# Math Help - Population growth model

1. ## Population growth model

The question

The simple population growth model, $\frac{dy}{dt} = ky$ (because of limitation on resources, pollution, ...) is unsatisfactory over a 'long' period. We might look at

$\frac{dy}{dt} = k(y)y$ ...........(1)

(which of course ignores seasonal and other variations with time). Mathematically one of the simplest assumptions we can make is that k(y) decreases linearly as y increases. In this case (1) may be written in the form

$\frac{dy}{dt} = k(1 - \frac{y}{K})y$, ...........(2)
where k and K are constants.

a) i) Equation (2) has two constant (stationary) solutions. What are they?

I'm not sure how to calculate this. Do I have to solve the ODE? Or is there an obvious method? Thanks.

2. Hmm, I think I get it now. I just need find values of 'y' to make the RHS zero?

3. Originally Posted by Glitch

$\frac{dy}{dt} = k(1 - \frac{y}{K})y$, ...........(2)
where k and K are constants.

a) i) Equation (2) has two constant (stationary) solutions. What are they?

I'm not sure how to calculate this. Do I have to solve the ODE?
This is worth solving, separate, decompose with partial fractions and integrate.

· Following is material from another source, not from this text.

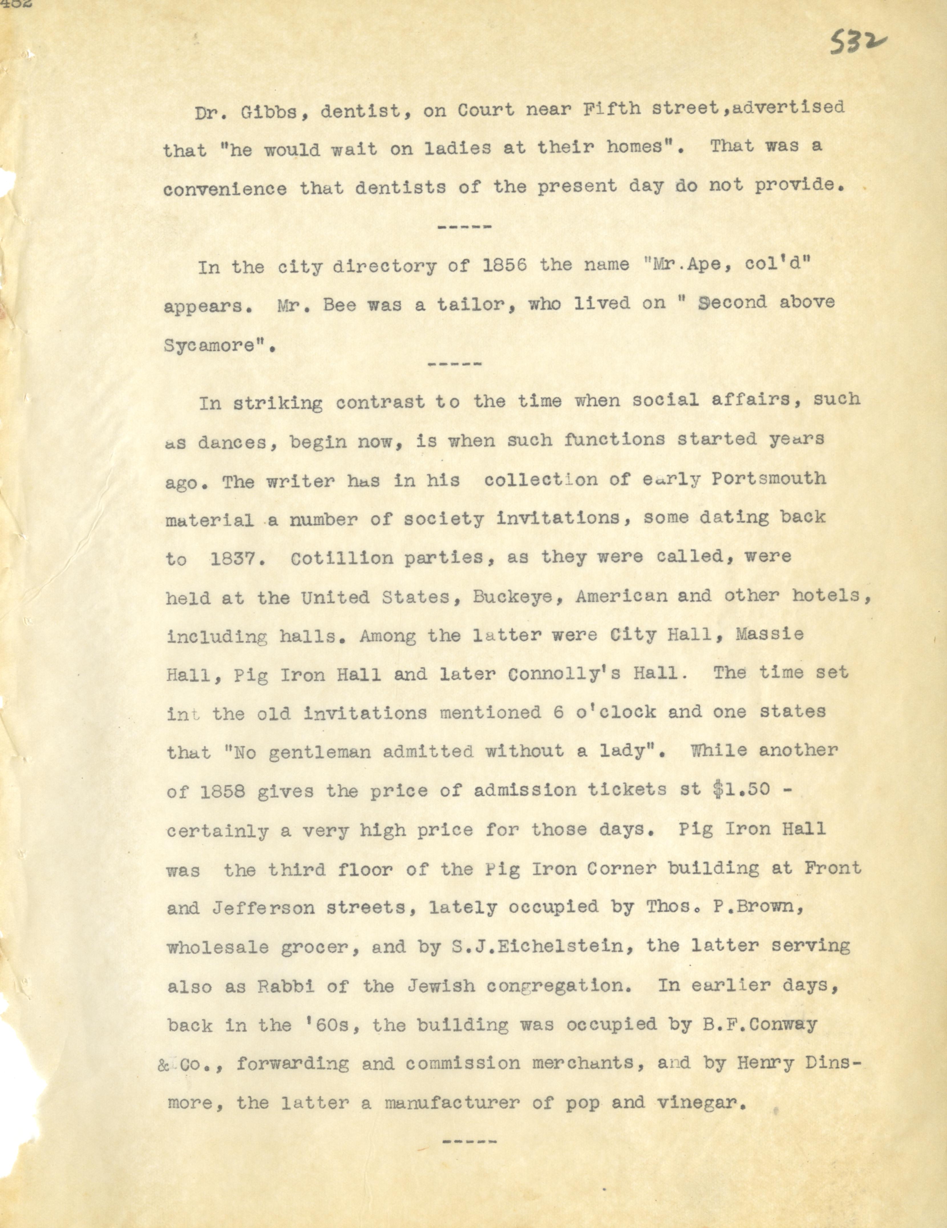- Photo image of scanned scrapbook page. Pictured: typed page with information about Dr. Gibbs; Mr. Bee, Tailor; Social Affairs; Cotillion Parties; early Portsmouth; United States Hotel; Buckeye Hotel; American Hotel; City Hall; Massie Hall; Pig Irton Hall; Connolly's Hall; Thomas P. Brown; S. J. Eichenlstein; B. F. Conway & Company

Then look at solutions for $\pm K$

4. Ok, I tried to do that, and I got this:

$\frac{1}{y(1-\frac{y}{K})}dy = k dt$
$\frac{A}{y} + \frac{B}{(1 - \frac{y}{K})} = \frac{1}{y(1-\frac{y}{K})}}$

So we get:
A = 1
B = $\frac{1}{K}$

$\int{\frac{1}{y} + \frac{1}{K(1-\frac{y}{K})}$ = kt + C

$ln(y) + \int{\frac{1}{K - y}} = kt + C$

$ln(\frac{y}{K - y}) = kt + C$

Take the exponential of each side:

$\frac{y}{K - y} = e^{kt + C}$

$y = e^{kt + C}(K - y)$

Is this right so far? Thanks.

5. However, to answer the question asked, "i) Equation (2) has two constant (stationary) solutions. What are they?", a "stationary solution" is a constant solution, dy/dt= 0 so, yes, just set the right side of the equation equal to 0: solve $k\left(1- \frac{y}{K}\right)y= 0$.